Queer pride in UK aiming towards people of colour

UK Black Pride (UKBP) is a black gay pride event in London that has taken place since 2005. It is Europe's largest celebration of African, Asian, Middle Eastern, Latin American and Caribbean heritage lesbian, gay, bisexual, transgender, and queer (LGBTQ) people attracting about 25,000 people annually.

Event co-founder Phyllis Akua Opoku-Gyimah, also known as Lady Phyll, is executive director.

==History==
UK Black Pride began in 2005 as a day trip to Southend-on-Sea by members of the online social network Black Lesbians in the UK (BLUK).

On Sunday 8 July 2018, approximately 7,500 people attended UK Black Pride at Vauxhall Pleasure Gardens.

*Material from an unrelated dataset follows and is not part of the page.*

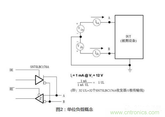 圖2給出了SN75LBC176A收發器單位負載計算的例子。因為這款設備將驅動器和接收器集成到一起構成了收發器(即驅動器輸出和接收器輸入連接到了同一根總線上),因此很難分別獲取驅動器泄漏電流和接收器輸入電流。為了便於計算,將接收器輸入阻抗看作12 kΩ並給收發器1mA電流。這可以代表一個單位負載,一跟傳輸總線上允許32個這樣的負載。

Stonewall, Europe's largest LGBT rights charity, withdrew its support from the Pride in London festival in 2018, following concerns over the event's "lack of diversity". The charity instead partnered with UK Black Pride, agreed on a joint programme of work in 2019, including the appointment by Stonewall of a full-time member of staff to work with UK Black Pride and BAME community groups.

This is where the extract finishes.